The latter cannot make a business out of the same practices
as they know they leave themselves open to large legal
problems. The former don't ultimately have to care too much
if every piece of software they own infringes patents as they
can usually dump it pretty easily and move on; the latter
could go out of business if acore technology is found to
infringe on patents held by others and are unable to finagle
a good deal, so will tend to stay away if there are potential
indemnification issues. The former will focus on the
*intent* of the GPL, the latter on its *legal standing*.

* Novell, like Sun before them, have had agreements with
Microsoft for years covering different technologies, e.g.
Novell and Microsoft license back and forth on their
directory services and related technologies.

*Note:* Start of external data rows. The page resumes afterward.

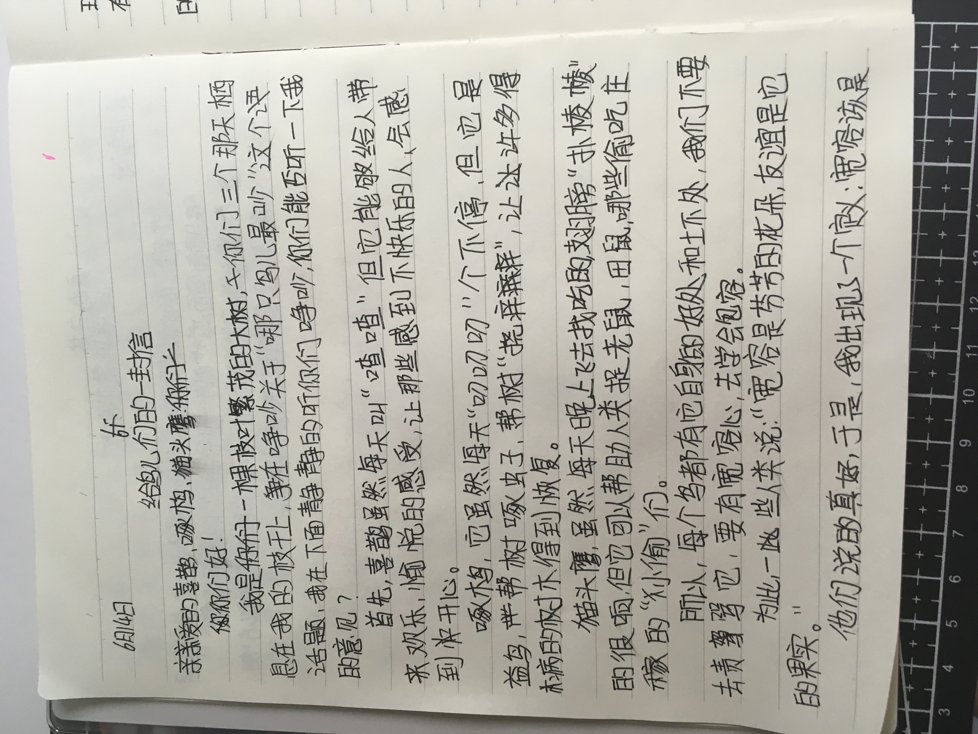 给小鸟的一封信 热451 类别:原创 发表时间:2020-06-14 23:24 已有 452 次阅读 指导老师:张彩丽 所属学校:新密市实验小学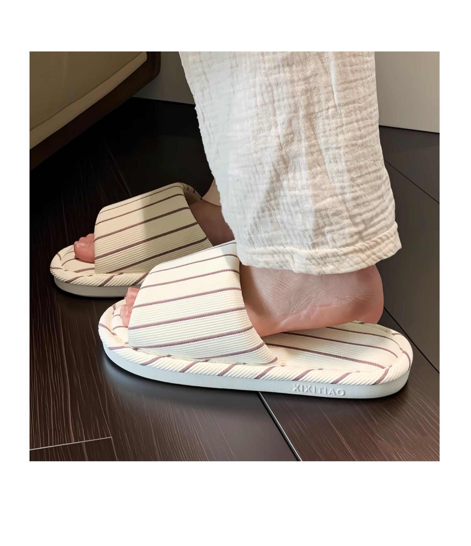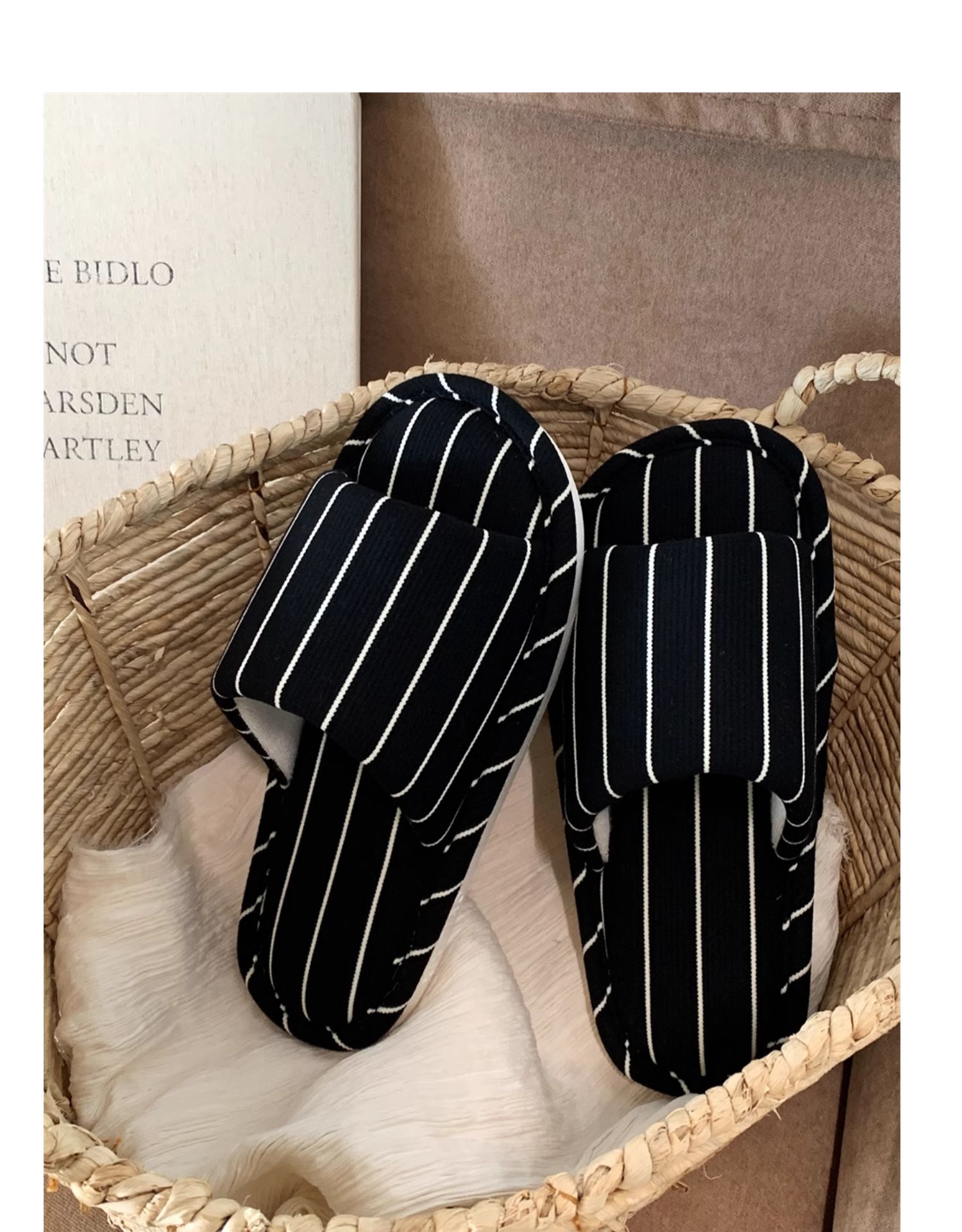 Тонкие полоски простых домашний тапочек японского стиля из хлопка и льна, мягкая подошва, круглогодичные универсальные тапочки для кондиционированных помещений для женщин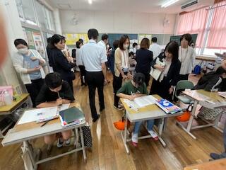 これまでに学習したことをもとに、筆算や計算の仕方を子ども達が考えて自力で問題を解き、ペアで教え合ったり、先生とまとめをしたり、練習問題を解いたりする様子を見てもらいました。たくさんの先生方に囲まれ、子ども達はやや緊張気味でしたが、非常に落ち着いた学習態度で、子ども同士の関係性や先生と子どもとの関係性が素晴らしく、とてもがんばって問題を解いていた。などなど、たくさん褒めていただけました!(^^)!☆☆☆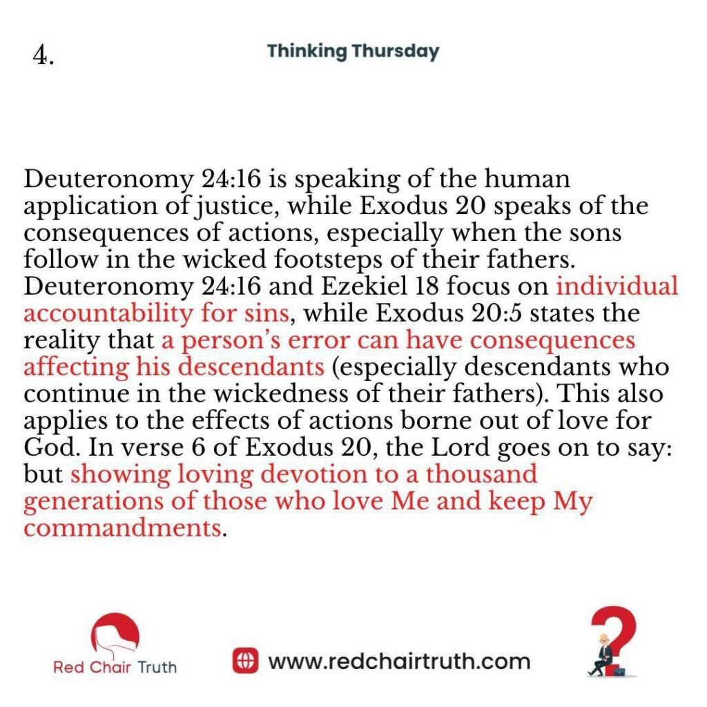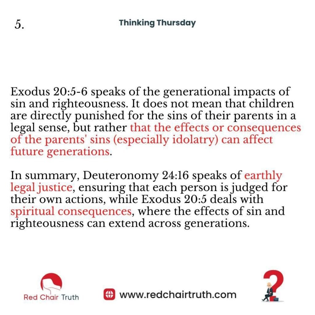 In summary, Deuteronomy 24:16 speaks of earthly legal justice, ensuring that each person is judged for their own actions, while Exodus 20:5 deals with spiritual consequences, where the effects of sin and righteousness can extend across generations.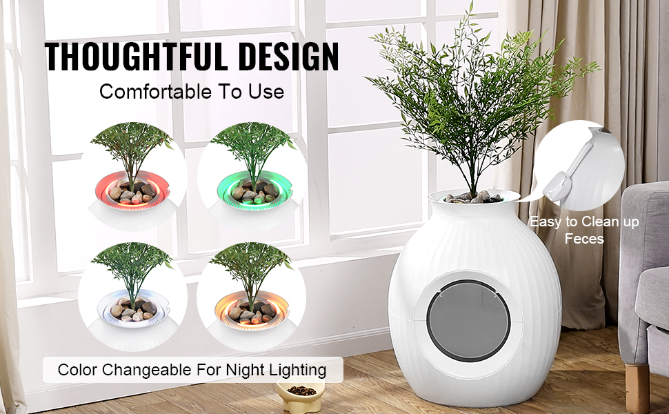 Veľkopriestorový dizajn tejto rastlinnej toalety pre mačky umožňuje vašej mačke natiahnuť sa a užívať si priestranné a pohodlné prostredie toalety. Nemusíte sa obávať, že vaša mačka je príliš veľká na to, aby sa zmestila do rastlinnej toalety pre mačky.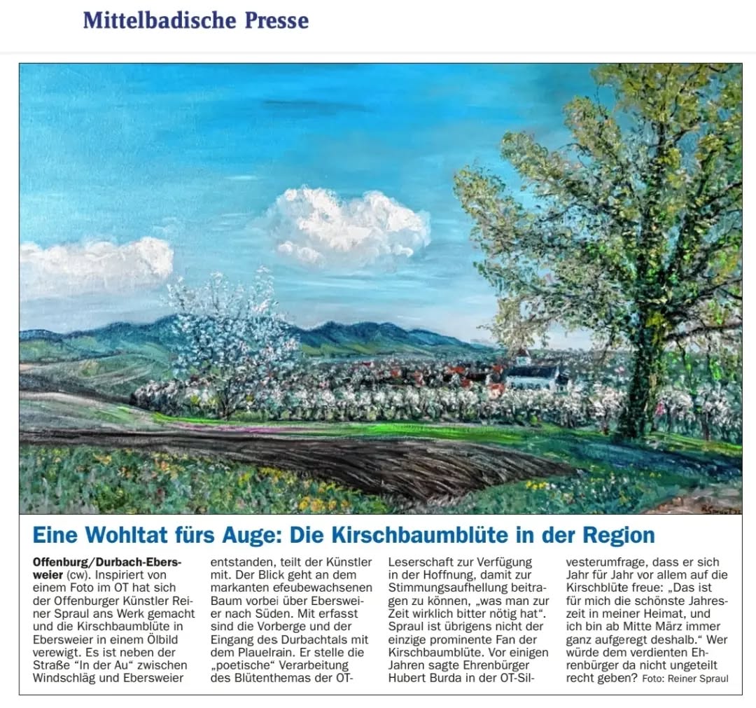 Ebersweier in Öl von Künstler Reiner Spraul aus Offenburg "Die Kirschbaumblüte" zeigt Ebersweier mit Blick Richung Süden von In der Au und war im Offenburger Tageblatt, der Mittelbadischen Presse, abgedruck. ![]() |

This is a
normal fact of life in businesses.

* Microsoft cannot wrest control of any GPL through its
agreement with Novell, the GPL has *legally* proven itself
in this regard.

* If Novell decides in a few years to give up on Linux
(which it won't do, its betting the house on using it as a
foundation for its commercial products), there's nothing to
stop SuSE users from migrating to another distribution;
Novell's actions cannot kill GPL code as, as mentioned
before, it is perpetual.

* If you hire a contractor to build some project for you,
are they going to give you legal coverage should the system
end up having legal (IP) issues? When you buy a software
product off a shelf you do, however, tend to be covered.
When you download some random GPL project from the net you
are given *0* coverage, your ass-ets are your own to cover.

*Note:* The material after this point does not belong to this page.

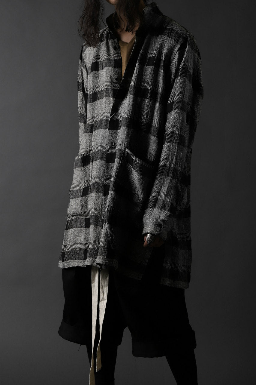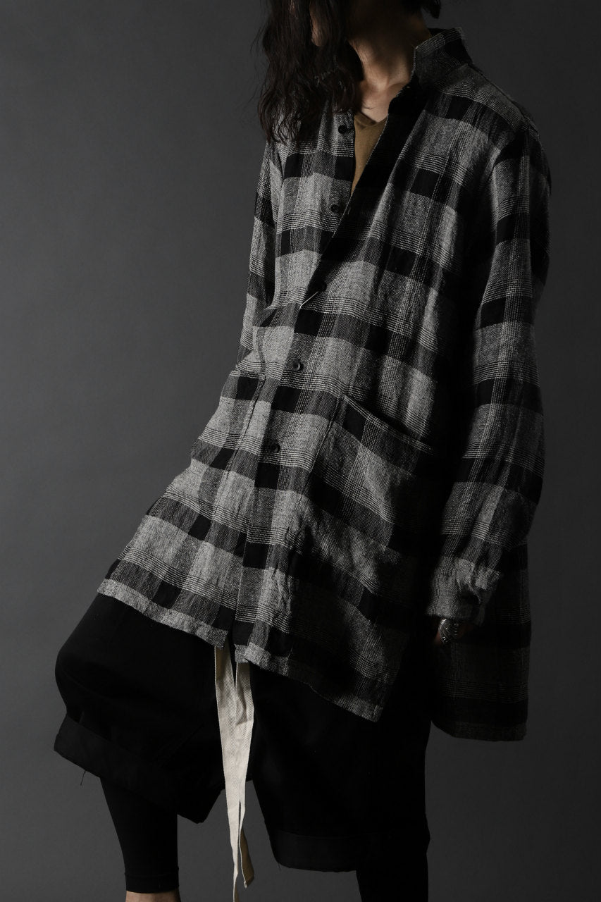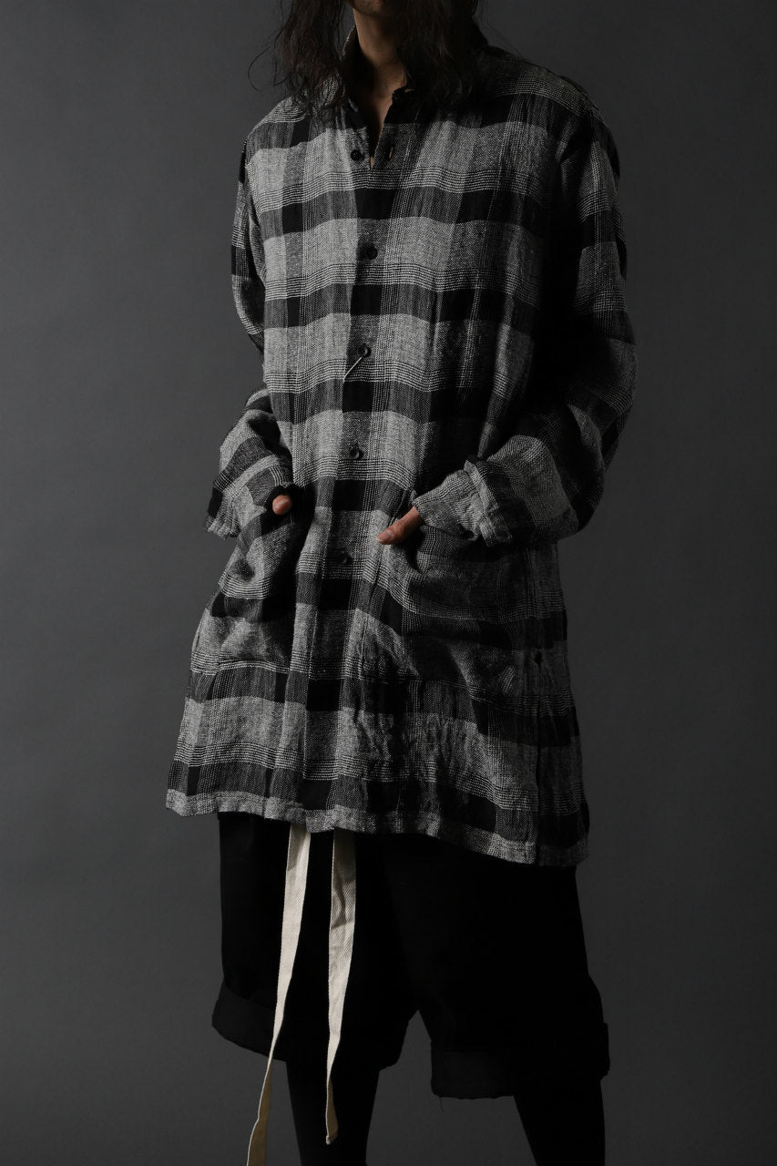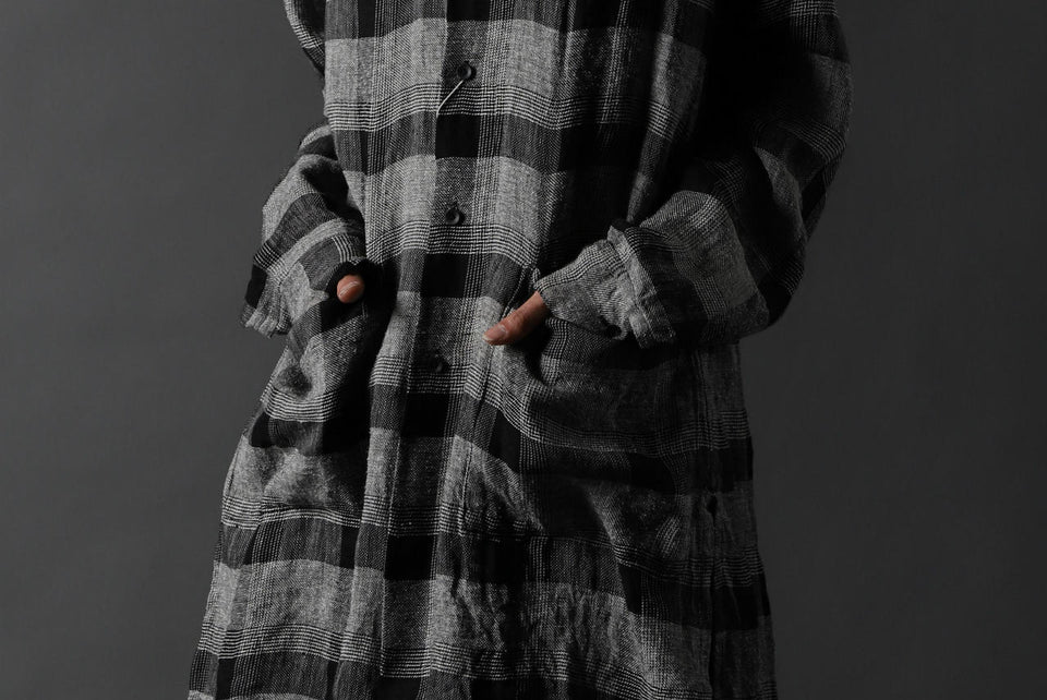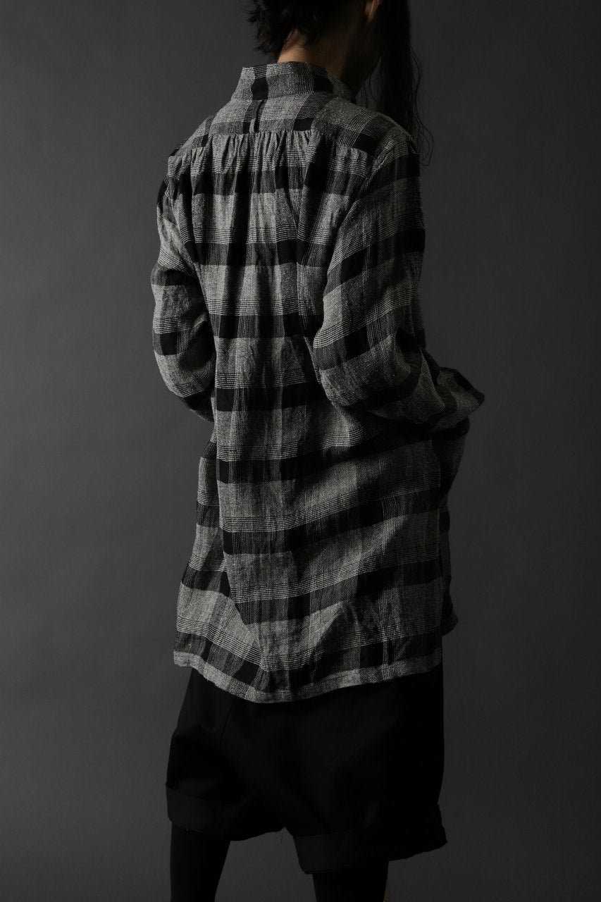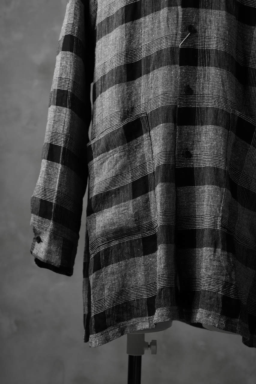 襟元や袖口、そして裾口にそれぞれ段差を設けて、チェック柄と共に能動的なフォルム。

* Novell have grateously decided that they wish to protect
their customers from intellectual property infringements that
may occur regarding any products/code they sell, including
code that their own developers may have never seen but is
shipped as part of their SuSE distribution. As mentioned
above, it won't affect Joe Schmo, but companies that need
this legal indemnification will latch onto it.

And also...

* The media loves a fight and a great way of creating one is
to stir up some vocal fans who'll cause a schmidt-storm. The
OSS gang are an excitable lot, especially when some of the
'old enemies' are involved, mainly Microsoft. Through the
terms "Microsoft", "agreement" and "Linux company" in a
sentence and you're bound to get large numbers of visitors
to your blog and magazine sales.

So you're saying that you smell bad blood on the Novell-MSFT
deal and the indemnification proclamation, but there's an
aspect to it that most people (yourself included apparently)
don't consider and is at the heart of it. Meanwhile MSFT
get a free lunch because it may weaken a competitor (Novell
are one of MSFT's main competitors in the directory services
and network management space, never mind SuSE) and it
continues to feed the (heavily marketed by MSFT) average
corporate executive's view that the "Linux bunch" (i.e. the
OSS world) are just a bunch of sniveling babies.